关键词: 集成计算材料工程, 塑性成形, 多尺度建模, 失稳起皱, 断裂

Abstract: Integrated computational materials engineering(ICME), which might quantitatively describe material preparation, processing and service processes through modeling and calculation, was an advance and effective method to realize the precision plastic forming of materials under single or integrated fields such as mechanical loading, heating, electricity, magnetism, sound field etc. In recent years, ICME was widely used by researchers in precision plastic forming.

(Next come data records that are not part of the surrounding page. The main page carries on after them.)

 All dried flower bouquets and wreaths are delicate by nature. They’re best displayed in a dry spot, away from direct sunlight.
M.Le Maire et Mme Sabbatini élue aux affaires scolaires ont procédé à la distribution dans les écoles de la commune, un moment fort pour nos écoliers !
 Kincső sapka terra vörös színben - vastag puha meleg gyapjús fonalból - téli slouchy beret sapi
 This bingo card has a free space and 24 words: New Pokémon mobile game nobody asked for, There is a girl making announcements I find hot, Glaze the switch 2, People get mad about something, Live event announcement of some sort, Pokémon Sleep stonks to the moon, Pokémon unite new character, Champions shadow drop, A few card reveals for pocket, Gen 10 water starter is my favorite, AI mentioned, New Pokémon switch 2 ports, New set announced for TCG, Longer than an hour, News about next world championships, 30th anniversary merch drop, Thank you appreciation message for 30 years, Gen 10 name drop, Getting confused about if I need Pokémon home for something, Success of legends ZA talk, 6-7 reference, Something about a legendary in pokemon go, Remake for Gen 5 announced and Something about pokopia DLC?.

The status, progresses and development trends of ICME in multi-scale modeling of plastic forming, buckling and fracture predictions were reviewed herein. Firstly, the applications of macroscopic, mesoscopic and microscopic modelling methods on precision plastic forming were systematically reviewed in precision plastic forming. The information transmission methods were analyzed among different scale models. Based on this, progresses of the prediction methods of the two main types of defects restricting precision plastic forming, buckling and ductile fracture using ICME were discussed. The accuracy of current main instability buckling and ductile fracture models was compared. Finally, the perspectives of the applications of ICME on precision plastic forming were presented.

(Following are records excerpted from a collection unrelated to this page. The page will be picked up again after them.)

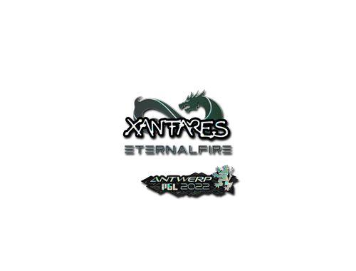 This item commemorates the 2022 PGL Antwerp CS:GO Championship. This sticker can be applied to any weapon you own and can be scraped to look more worn. You can scrape the same sticker multiple times, making it a bit more worn each time, until it is removed from the weapon. This glitter sticker was autographed by professional player Can Dortkardes playing for Eternal Fire at the PGL Antwerp 2022 CS:GO Major Championship.
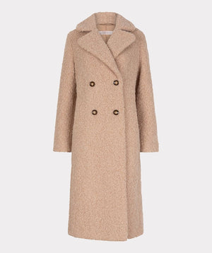 The Esqualo Manteau Long Bouclé Double Breast brings timeless elegance with a modern twist. Cut in a veston-inspired silhouette, it features a refined lapel collar and a double-breasted front adorned with marbled buttons. Crafted from soft, slightly stretchy boiled wool, this coat offers both comfort and structure.
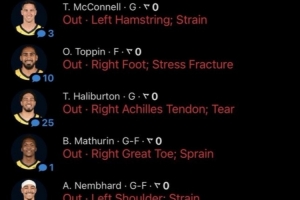 這場比賽堪稱超級殘陣,一共七名球員缺陣,分別是哈利伯頓、馬瑟林、托平、內姆哈德、麥康納、卡梅隆-瓊斯和麥克朗。
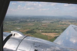 Douglas DC-3, C-47B N47E (6), offering a view of Virginia’s beautiful Shenandoah Valley, 9-10. Elaine and I and our three sons lived there,, 1967-74.
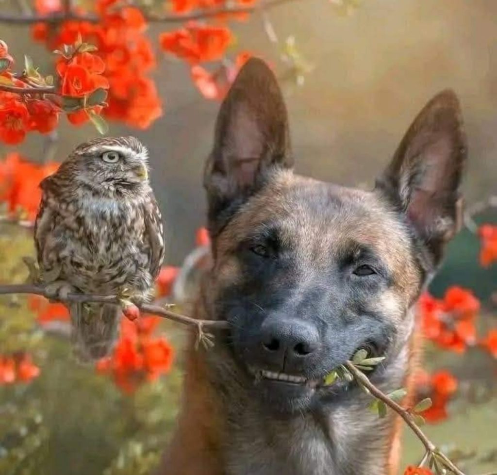 صور الكلب وطائر الباشق. علاقة حميمية بجلسة تصوير غريبة وجميلة
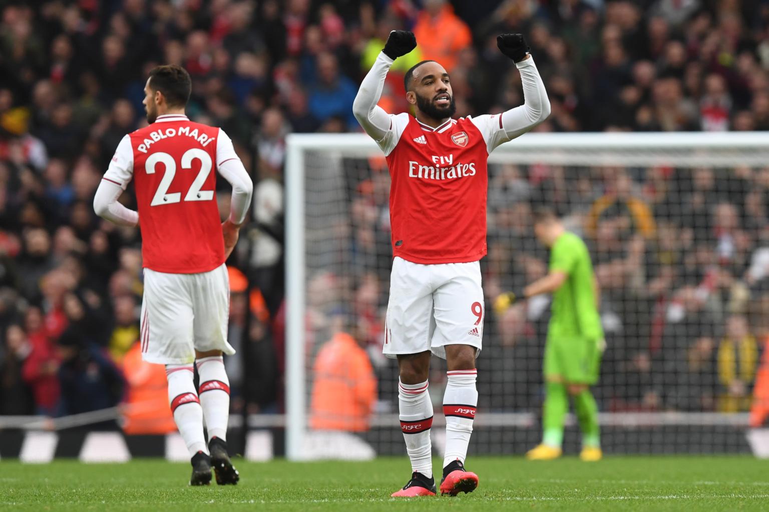 Arsenal's Alexandre Lacazette (right) after being awarded a goal during the English Premier League soccer match between Arsenal and West Ham United in London on March 7, 2020.
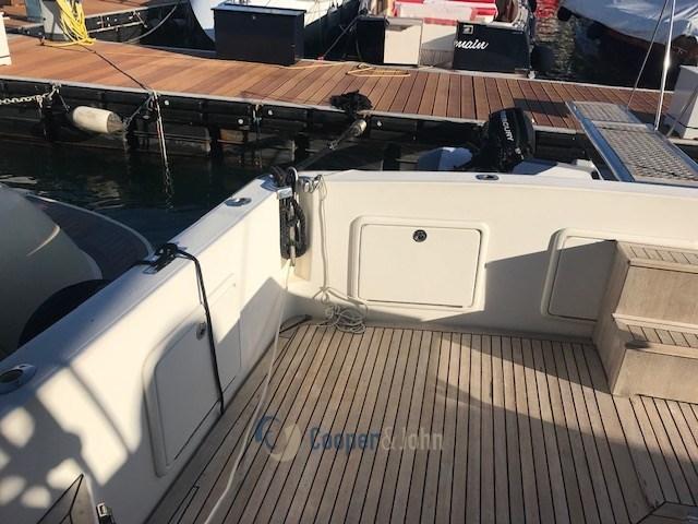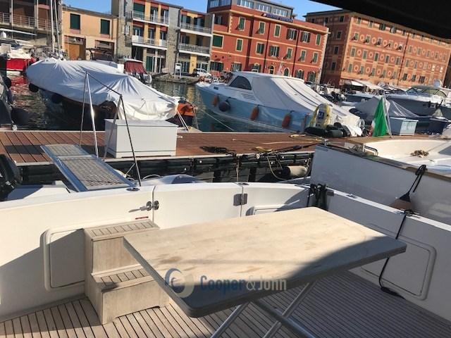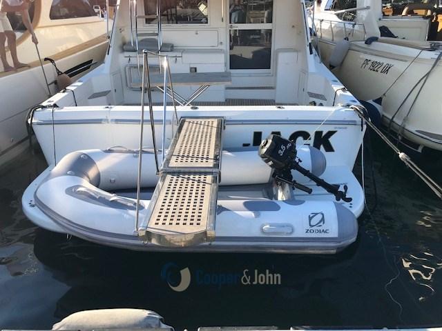 Eau sous pression, 6 Batteries, Douche de cockpit, Flaps hydrauliques, Hard top, Passerelle (idraulica), Cockpit en teck, Prise de quai, Guindeau électrique, Echelle de bain, Annexe (+ 3,5 hp).

Key words: integrated computational materials engineering(ICME), plastic forming, multiscale modeling, instability buckling, fracture

中图分类号:

TG306

詹梅, 雷煜东, 郑泽邦, . [成形过程仿真优化与集成计算材料工程]集成计算材料工程在精确塑性成形中的应用现状与发展趋势[J]. 中国机械工程, DOI: 10.3969/j.issn.1004-132X.2020.22.003.

ZHAN Mei, LEI Yudong, , ZHENG Zebang, . Status and Development Tendency of Integrated Computational Materials Engineering in Precision Plastic Forming[J]. China Mechanical Engineering, DOI: 10.3969/j.issn.1004-132X.2020.22.003.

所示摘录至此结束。